| name | tools-infra-operational |
| description | Gather deployment and runtime-architecture evidence from operational config: Helm, Kustomize, Kubernetes, Terraform/OpenTofu, Docker, GitHub Actions, policy tools, SBOM, and vulnerability scanners. Use when a target ships deploy units and you need runtime topology, deploy-time coupling, config drift, CI/CD, or supply-chain evidence for architecture review. NOT for application source graphs (use tools-codegraph or the language tool skills). |
Infrastructure / operational tools
A system's architecture includes how it deploys and runs. These tools turn
manifests into evidence about deploy units, runtime topology, deploy-time
coupling, and supply-chain risk — the operational and security dimensions a
source-only review would miss.
Evidence dimensions: operational and security/supply-chain.
When to use
Use when the system map finds Helm charts, Kustomize bases, raw k8s manifests,
Terraform/OpenTofu, Dockerfiles, CI workflows, policy files, or SBOM/vulnerability
scan inputs. Render and validate before judging — a chart's values determine the
real topology, not the template text. Never apply, deploy, delete, or destroy
infrastructure unless the user explicitly approves that separate action.
Commands
helm template ./chart -f values.yaml | kubeconform -strict -
helm lint ./chart
kustomize build overlays/prod | kubeconform -strict -
kubeconform -strict -summary manifests/
kube-linter lint manifests/
TF_DATA_DIR=${TMPDIR:-/tmp}/terraform-data terraform init -backend=false -input=false -lockfile=readonly
terraform validate
tflint --recursive
tfsec .
hadolint Dockerfile
trivy config Dockerfile
actionlint
zizmor .github/workflows
conftest test manifests/ -p policy/
opa eval ...
syft dir:. -o spdx-json
grype dir:.
Evidence output
Record:
dimension: operational or security/supply-chain.

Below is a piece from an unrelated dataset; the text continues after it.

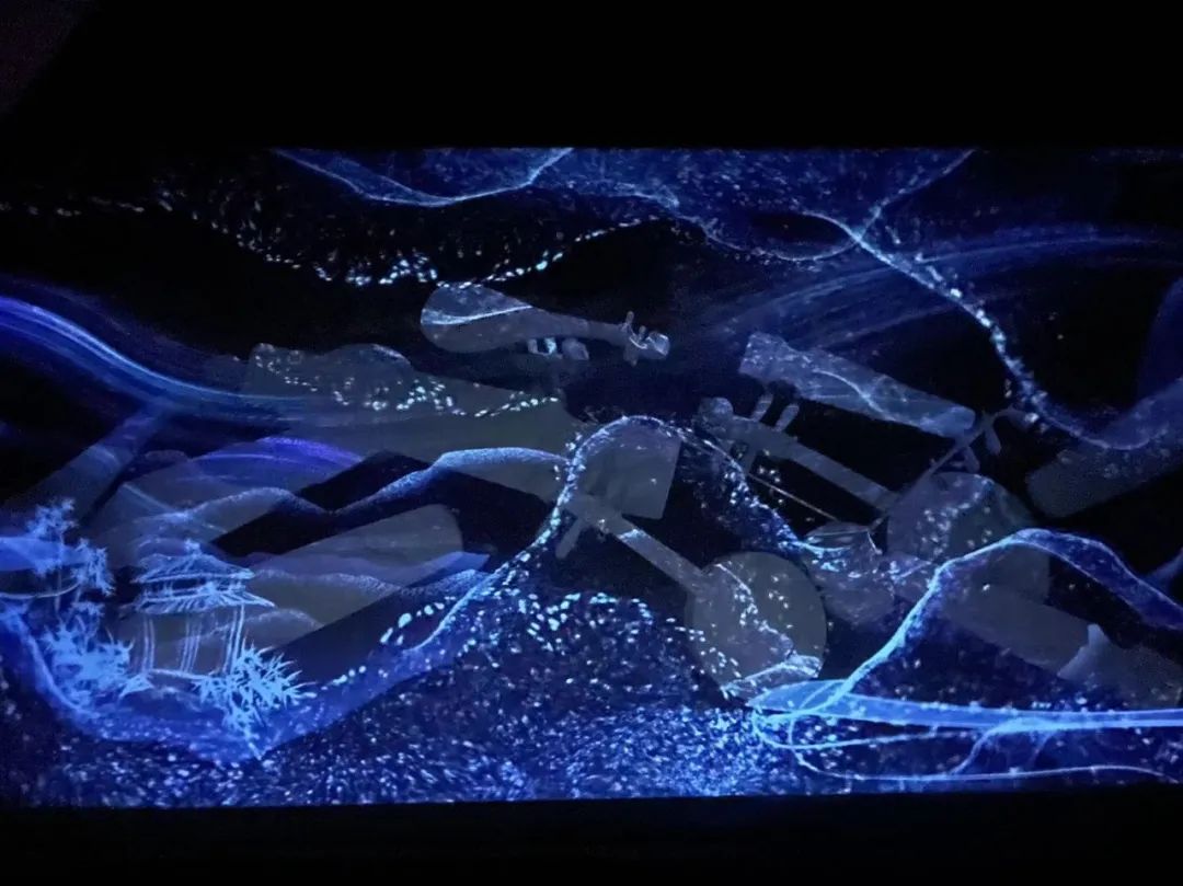 在12米长的纱幕投影和背后悬吊的由多种乐器构成的艺术装置空间,乐器组合概念装置(模型)和纱幕影像内容叠加,配合灯光渲染,形成美轮美奂的视听感受。

source: command, deploy unit, values/overlay/backend context, and scanner DB date when relevant.
facts: rendered topology, validation findings, policy violations, vuln/SBOM summary, or clean scope.
limits: unrendered templates, missing values, offline/stale scanner DB, or no cluster-runtime evidence.
Confidence impact
- Rendered-then-validated manifests are direct operational evidence:
tools_used, supports claims about deploy units, replica/topology coupling,
and config drift. Judging from un-rendered templates is weaker — note it.
trivy/grype/govulncheck-class output is security/supply-chain evidence;
cite the component and severity, summarize counts, never paste the full table.
- An existing CI step running kubeconform / conftest / tfsec is an enforced
operational fitness check — count it toward
architecture_fitness.
Failure and missing-tool handling
- Tool missing → record the operational (or security) dimension
tools_missing
with an install hint; fall back to reading the manifests directly and label
the topology claims as un-validated hypotheses.
- Some linters and scanners return nonzero when they find violations or
vulnerabilities. Inspect output before labeling the command
tools_failed;
finding output is evidence. Reserve tools_failed for tool/runtime/config
failure.
helm template / terraform validate failing on missing values or
uninitialized backend → tools_failed (config state), not "valid." Note what
was missing. If initialization writes local state or cache, redirect it to
$TMPDIR or ask before writing into the target repo.
- Scanners need network for advisory DBs; an offline run with a stale DB is a
coverage limit — record the DB date.
When to stop
Render + validate once per deploy unit, then run one supply-chain scan. Stop and
record coverage once topology and the vuln summary are established — don't run
trivy and grype and a manual audit for the same answer. Cluster-runtime
questions you can't answer from manifests (actual running state) are a coverage
gap, not something to infer.
Hard rules
- Render Helm/Kustomize before judging topology; template text is not the
deployed shape.
- Do not run
kubectl apply, helm upgrade, terraform apply, tofu apply,
delete, or destroy commands without explicit user approval.
- Redirect tool caches/state such as Terraform
.terraform data to $TMPDIR,
or ask before writing generated operational artifacts into the target repo.
- Distinguish an enforced CI validation step (raises fitness) from a recommended
one.
- Summarize scanner output; cite component + severity, never dump the table.
- Use the CLIs; do not reimplement manifest validation in package code.